WORK TO BE COMPLETED
Beginning with the line that holds "সংবাদ সম্মেলনে লিখিত" and ending with the last line of the entries, please output each line exactly, apart from any pictures.

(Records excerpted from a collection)
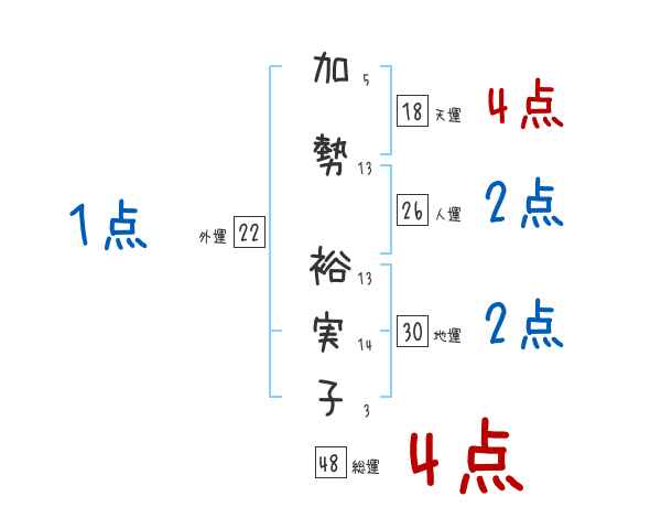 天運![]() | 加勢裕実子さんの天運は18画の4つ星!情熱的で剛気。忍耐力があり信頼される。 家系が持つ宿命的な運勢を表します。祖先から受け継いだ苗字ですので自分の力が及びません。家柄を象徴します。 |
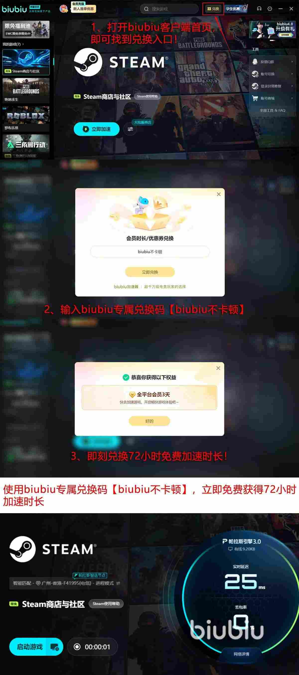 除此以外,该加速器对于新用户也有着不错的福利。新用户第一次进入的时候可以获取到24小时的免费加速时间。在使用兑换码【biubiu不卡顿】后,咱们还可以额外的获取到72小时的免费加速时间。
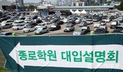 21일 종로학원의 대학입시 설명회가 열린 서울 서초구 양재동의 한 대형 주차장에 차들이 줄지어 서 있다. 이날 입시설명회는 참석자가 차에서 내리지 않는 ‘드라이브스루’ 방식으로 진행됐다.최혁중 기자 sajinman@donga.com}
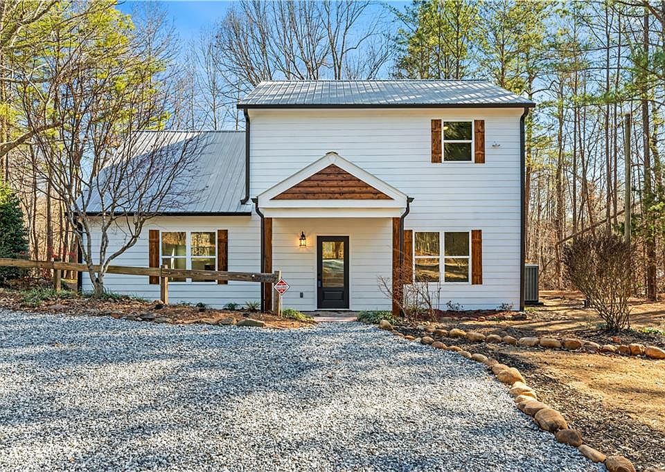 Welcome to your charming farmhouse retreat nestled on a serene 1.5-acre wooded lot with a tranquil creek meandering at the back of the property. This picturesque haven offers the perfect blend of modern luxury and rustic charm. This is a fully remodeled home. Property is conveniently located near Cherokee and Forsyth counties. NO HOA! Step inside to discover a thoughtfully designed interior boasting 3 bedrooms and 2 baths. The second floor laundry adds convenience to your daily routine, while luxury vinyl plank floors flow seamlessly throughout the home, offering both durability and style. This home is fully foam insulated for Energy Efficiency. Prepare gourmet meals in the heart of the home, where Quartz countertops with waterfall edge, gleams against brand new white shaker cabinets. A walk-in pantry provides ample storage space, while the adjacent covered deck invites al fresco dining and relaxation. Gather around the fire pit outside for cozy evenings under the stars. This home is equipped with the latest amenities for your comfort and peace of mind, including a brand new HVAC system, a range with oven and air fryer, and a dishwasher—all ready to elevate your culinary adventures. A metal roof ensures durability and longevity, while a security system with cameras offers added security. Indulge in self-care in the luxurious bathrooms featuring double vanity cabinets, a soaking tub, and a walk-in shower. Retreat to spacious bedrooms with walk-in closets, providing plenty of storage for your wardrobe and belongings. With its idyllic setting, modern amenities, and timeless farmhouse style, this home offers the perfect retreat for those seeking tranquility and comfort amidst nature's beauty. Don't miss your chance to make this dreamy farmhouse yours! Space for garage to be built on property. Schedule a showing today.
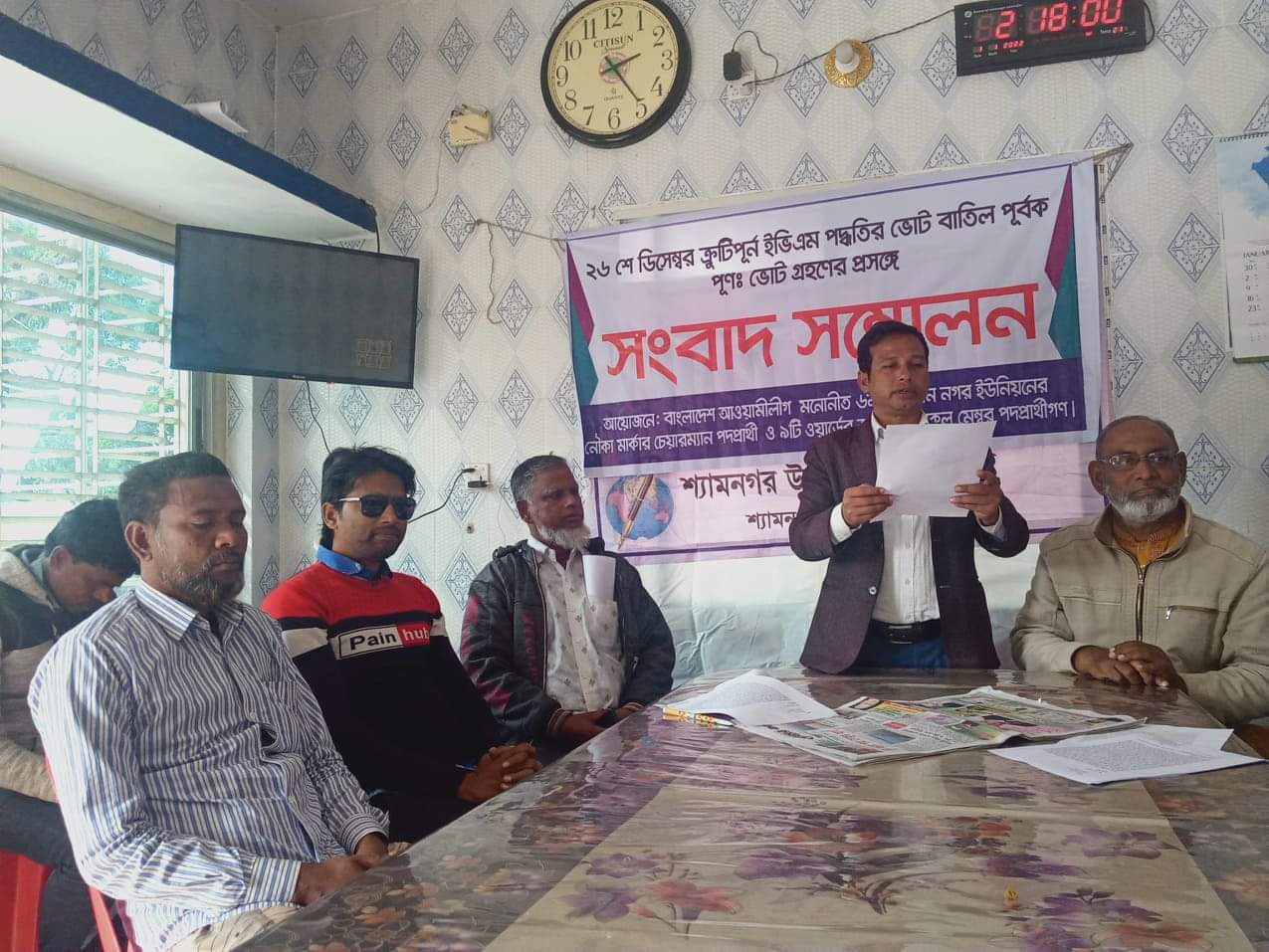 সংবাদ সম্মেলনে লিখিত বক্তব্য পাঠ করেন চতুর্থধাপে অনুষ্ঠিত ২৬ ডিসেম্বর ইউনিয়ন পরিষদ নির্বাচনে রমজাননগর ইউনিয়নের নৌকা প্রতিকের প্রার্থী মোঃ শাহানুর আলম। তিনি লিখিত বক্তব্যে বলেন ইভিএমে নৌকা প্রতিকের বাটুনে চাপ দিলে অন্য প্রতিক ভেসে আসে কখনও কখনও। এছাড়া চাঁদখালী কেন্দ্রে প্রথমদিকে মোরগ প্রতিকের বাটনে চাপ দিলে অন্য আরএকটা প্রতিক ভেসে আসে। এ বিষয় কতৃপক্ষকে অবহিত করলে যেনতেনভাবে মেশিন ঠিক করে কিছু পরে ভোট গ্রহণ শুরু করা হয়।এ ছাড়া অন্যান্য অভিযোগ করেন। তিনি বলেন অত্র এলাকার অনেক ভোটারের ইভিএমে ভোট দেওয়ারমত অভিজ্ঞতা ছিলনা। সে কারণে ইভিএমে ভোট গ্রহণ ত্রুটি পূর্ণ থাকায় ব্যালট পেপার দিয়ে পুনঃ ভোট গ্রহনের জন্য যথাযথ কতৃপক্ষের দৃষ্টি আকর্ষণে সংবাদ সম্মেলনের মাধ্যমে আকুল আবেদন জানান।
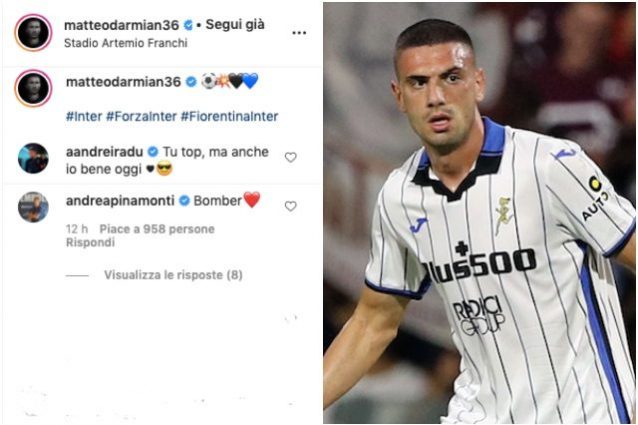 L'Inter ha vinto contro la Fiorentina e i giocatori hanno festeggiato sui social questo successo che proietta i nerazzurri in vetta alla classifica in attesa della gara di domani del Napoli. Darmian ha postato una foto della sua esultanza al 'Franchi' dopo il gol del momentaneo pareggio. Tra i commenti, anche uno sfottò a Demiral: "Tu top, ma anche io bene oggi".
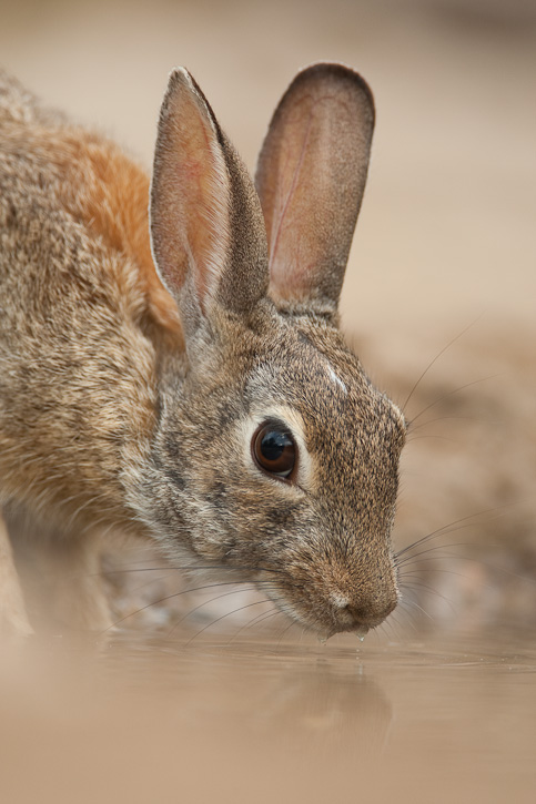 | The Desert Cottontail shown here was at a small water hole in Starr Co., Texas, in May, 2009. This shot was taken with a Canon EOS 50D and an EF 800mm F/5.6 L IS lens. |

RESPONSE FOR THIS EXERCISE
 সংবাদ সম্মেলনে লিখিত বক্তব্য পাঠ করেন চতুর্থধাপে অনুষ্ঠিত ২৬ ডিসেম্বর ইউনিয়ন পরিষদ নির্বাচনে রমজাননগর ইউনিয়নের নৌকা প্রতিকের প্রার্থী মোঃ শাহানুর আলম। তিনি লিখিত বক্তব্যে বলেন ইভিএমে নৌকা প্রতিকের বাটুনে চাপ দিলে অন্য প্রতিক ভেসে আসে কখনও কখনও। এছাড়া চাঁদখালী কেন্দ্রে প্রথমদিকে মোরগ প্রতিকের বাটনে চাপ দিলে অন্য আরএকটা প্রতিক ভেসে আসে। এ বিষয় কতৃপক্ষকে অবহিত করলে যেনতেনভাবে মেশিন ঠিক করে কিছু পরে ভোট গ্রহণ শুরু করা হয়।এ ছাড়া অন্যান্য অভিযোগ করেন। তিনি বলেন অত্র এলাকার অনেক ভোটারের ইভিএমে ভোট দেওয়ারমত অভিজ্ঞতা ছিলনা। সে কারণে ইভিএমে ভোট গ্রহণ ত্রুটি পূর্ণ থাকায় ব্যালট পেপার দিয়ে পুনঃ ভোট গ্রহনের জন্য যথাযথ কতৃপক্ষের দৃষ্টি আকর্ষণে সংবাদ সম্মেলনের মাধ্যমে আকুল আবেদন জানান।
 L'Inter ha vinto contro la Fiorentina e i giocatori hanno festeggiato sui social questo successo che proietta i nerazzurri in vetta alla classifica in attesa della gara di domani del Napoli. Darmian ha postato una foto della sua esultanza al 'Franchi' dopo il gol del momentaneo pareggio. Tra i commenti, anche uno sfottò a Demiral: "Tu top, ma anche io bene oggi".
 | The Desert Cottontail shown here was at a small water hole in Starr Co., Texas, in May, 2009. This shot was taken with a Canon EOS 50D and an EF 800mm F/5.6 L IS lens. |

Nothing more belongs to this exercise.